* _Exercise requirements_
Take the lines below from the one with "- Комбинируйте планки" through the one with "روزگاری در فاصلهی" and print only them, exactly. Don't print the pictures.
━━━━━ Input data ━━━━━
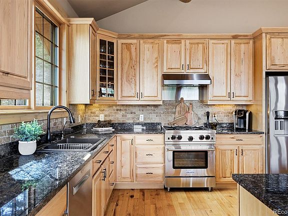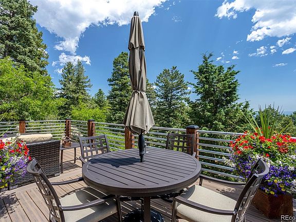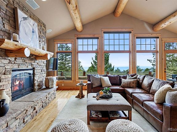 Welcome to your serene mountain sanctuary, nestled amidst towering pines and rugged rock outcroppings, offering sweeping panoramic views of both the mountains and the city. Experience the tranquility of mountain living, just minutes away from the vibrancy of city life. Set on a private acre, this custom-designed mountainside retreat boasts exceptional craftsmanship and modern comforts with rustic charm. The open floor plan features vaulted ceilings, creating an airy and bright atmosphere, while walls of windows capture breathtaking views from every angle. The spacious kitchen is equipped with top-of-the-line appliances, including a Blue Star gas range, warm granite countertops, a center island, and rich hickory cabinetry. It seamlessly flows into the open family and dining areas, anchored by a stunning rock hearth with a gas fireplace and expansive windows framing the remarkable views. Step out onto the brand-new custom wrap-around deck and savor a sunset or stargaze under the twinkling night sky. The main-level primary suite is your personal retreat, featuring a spa-like bath and views of a striking rock waterfall and charming firepit. The lower level offers two generous bedrooms or home office spaces and a well-appointed bath. The oversized garage, with high-quality industrial flooring and ample storage, will easily house all your tools and toys. This home has been meticulously maintained and thoughtfully upgraded, with no expense spared in enhancements. New features include an expansive deck, a Class IV roof, a new AC system, HVAC, water heater, Generac generator, well pump, paved driveway, dual radon system, and new garage doors, among others. Named Selah Place, meaning "Reflect with Peace," this home perfectly blends mountain serenity with urban convenience. It’s just minutes from C-470 and close to Denver, Evergreen, Conifer, and miles of Jefferson County Open Space trails for endless outdoor adventures. Top rated Conifer High School!!!
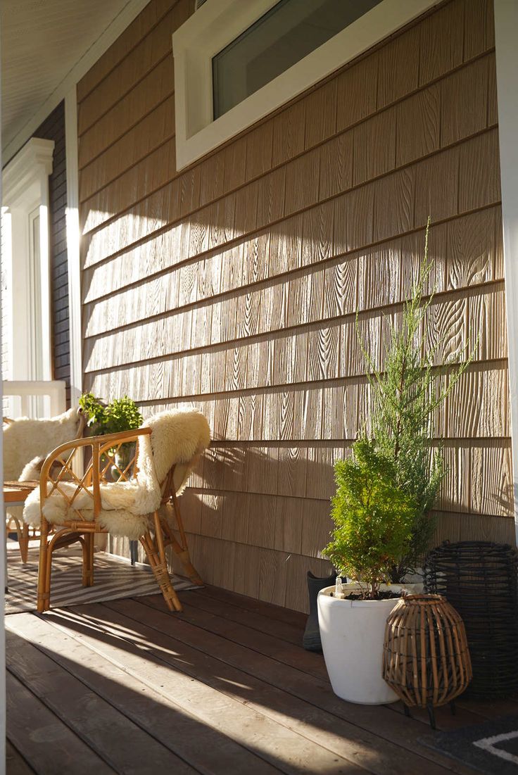 - Комбинируйте планки в серых и пастельных тонах из коллекций Loft с сайдингом цвета дерева из коллекции Chalet.
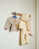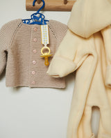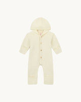 A classic baby suit that comes with a hoodie, rounded neck, classic fit and long sleeves. It comes with wooden buttons that go down the front.
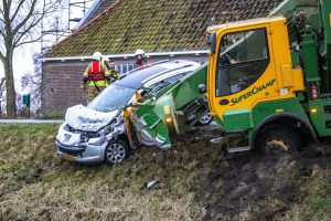Politie, brandweer en meerdere ambulances zijn met spoed ter plaatse gekomen. De bestuurster van de auto is behandeld in een ambulance behandeld, vervoer naar het ziekenhuis bleek niet nodig. De bestuurder van de voermengwagen is met de schrik vrij gekomen.
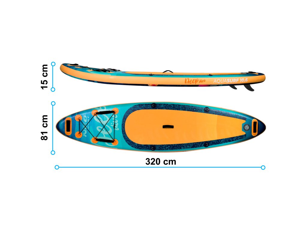 Vaša doska SUP bude pevná a napriek tomu ľahko prenosná . Ideálne pre nadšencov vodných športov, ktorí hľadajú spoľahlivé a pohodlné vybavenie pre akékoľvek dobrodružstvo na vode.
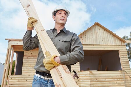 Handyman building vacation woodhouse as DIY project
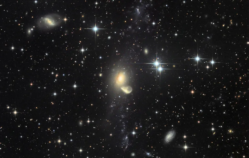 روزگاری در فاصلهی ۲۰۰ میلیون سالی نوری از ما، دو کهکشان به یکدیگر برخورد کردند. بر اثر این برخورد، مواد کهکشان NGC 5291 در فضای میان کهکشانی پخش شد. این پدیده در دل خوشهی کهکشانی Abell 3574 و صورت فلکی قنطورس رخ داد. در مرکز این عکس میتوانید کهکشان NGC 5291 و کهکشانی کوچک به نام «صدف دریایی» را ببینید. از این کهکشان رو به سوی پایین، یک دم کشندی با طول ۱۰۰ هزار سال نوری دیده میشود که در آن تودههایی به شکل کهکشانهای کوتوله قرار دارد. کهکشانهای کوتولهای که عمدتا از ستارههای جوانتر تشکیل شدهاند. به نظر میرسد این کهکشانهای کوتولهی پر از عناصر سنگینتر از هلیوم و هیدروژن، به نوعی درحال بازیابی مواد از دست رفتهی NGC 5291 که در اثر برخورد در فضا پخش شدهاند، هستند.
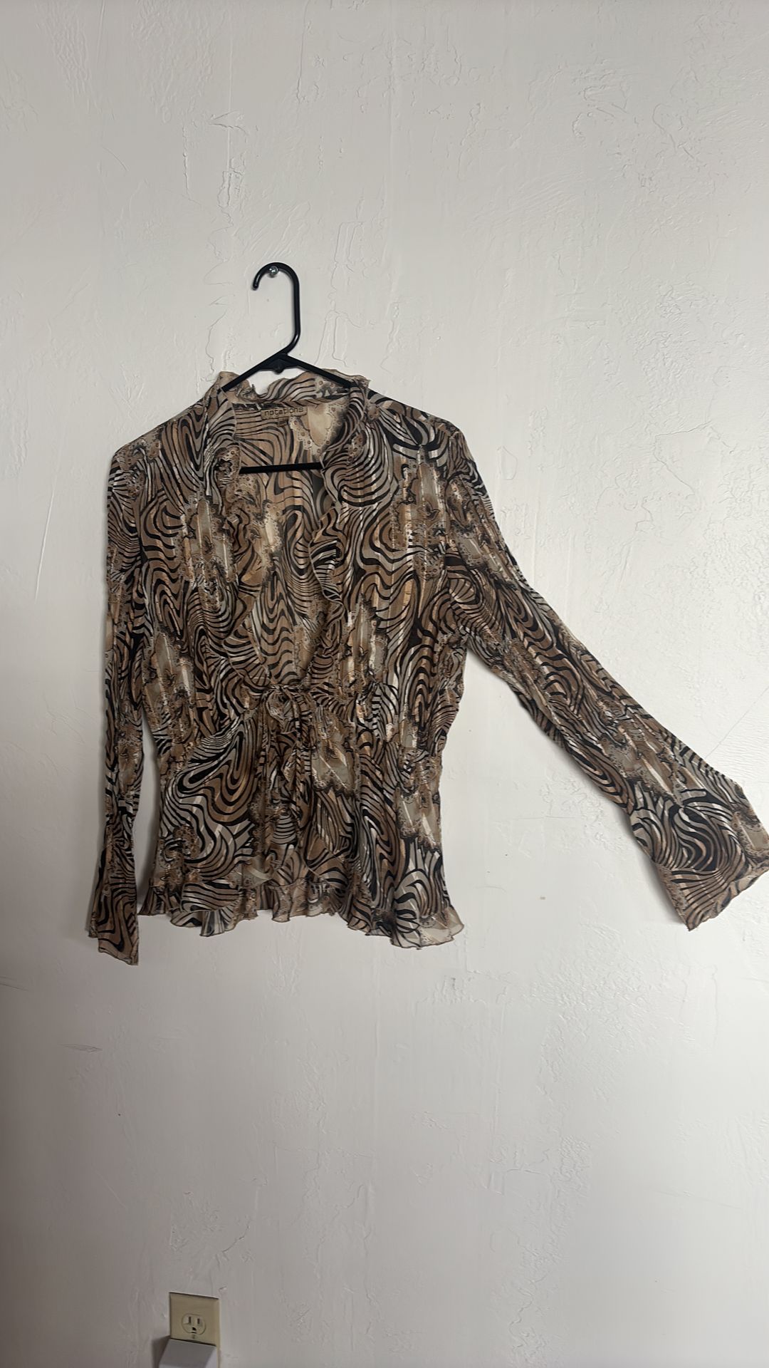 Beautiful sheer and shimmery Animal print blouse. Scalloped neck line and front tie closure.
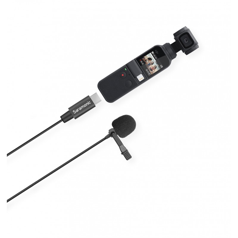 The Saramonic LavMicro U3-OP is a tie microphone designed to work with the DJI Osmo Pocket camera equipped with a USB type C connector. Small size Despite its small size, the LavMicro U3-OP significantly improves the quality of recorded sound compared to most built-in microphones in smartphones or tablets. It is characterized by high quality of recorded sound and omnidirectional characteristics, thanks to which you do not have to worry about the location of the lavalier. Necessary accessories The microphone has a clip that allows it to be cliped to your clothes, so it can be as close as possible to the person speaking. The dome of the microphone is equipped with a foam wind shield, which reduces the noise caused by air movement. Application The LavMicro U3-OP is the ideal tool for anyone looking for a compact, discreet solution for amateur or professional video recording with the DJI OSMO Pocket. The U3-OP is compatible with most audio recording applications that can be found in application stores. Compatibility – DJI OSMO Pocket Specification – Output: USB-C connector – Affection: -32 +/- 3dB (0dB = 1 V / Pa, at 1 KHz) – Characteristics: omnidirectional – Signal-to-noise ratio: 60 dB – Amplification level: 12 dB – Band: 50 Hz-20 kHz – Sampling rate: 44,1 kHz / 48 kHz / 96 kHz – Power requirements: supplied by DJI OSMO Pocket – Transmission speed: 16 bits / 24 bits – Cable length with microphone: 2 m – Weight: 20 g – The weight of the microphone: 17 g Set contents – Tie microphone LavMicro U3-OP – Soft cover – Wind foam – Clasp clip
━━━━━
* _Answer to the problem_
 - Комбинируйте планки в серых и пастельных тонах из коллекций Loft с сайдингом цвета дерева из коллекции Chalet.
 A classic baby suit that comes with a hoodie, rounded neck, classic fit and long sleeves. It comes with wooden buttons that go down the front.
Politie, brandweer en meerdere ambulances zijn met spoed ter plaatse gekomen. De bestuurster van de auto is behandeld in een ambulance behandeld, vervoer naar het ziekenhuis bleek niet nodig. De bestuurder van de voermengwagen is met de schrik vrij gekomen.
 Vaša doska SUP bude pevná a napriek tomu ľahko prenosná . Ideálne pre nadšencov vodných športov, ktorí hľadajú spoľahlivé a pohodlné vybavenie pre akékoľvek dobrodružstvo na vode.
 Handyman building vacation woodhouse as DIY project
 روزگاری در فاصلهی ۲۰۰ میلیون سالی نوری از ما، دو کهکشان به یکدیگر برخورد کردند. بر اثر این برخورد، مواد کهکشان NGC 5291 در فضای میان کهکشانی پخش شد. این پدیده در دل خوشهی کهکشانی Abell 3574 و صورت فلکی قنطورس رخ داد. در مرکز این عکس میتوانید کهکشان NGC 5291 و کهکشانی کوچک به نام «صدف دریایی» را ببینید. از این کهکشان رو به سوی پایین، یک دم کشندی با طول ۱۰۰ هزار سال نوری دیده میشود که در آن تودههایی به شکل کهکشانهای کوتوله قرار دارد. کهکشانهای کوتولهای که عمدتا از ستارههای جوانتر تشکیل شدهاند. به نظر میرسد این کهکشانهای کوتولهی پر از عناصر سنگینتر از هلیوم و هیدروژن، به نوعی درحال بازیابی مواد از دست رفتهی NGC 5291 که در اثر برخورد در فضا پخش شدهاند، هستند.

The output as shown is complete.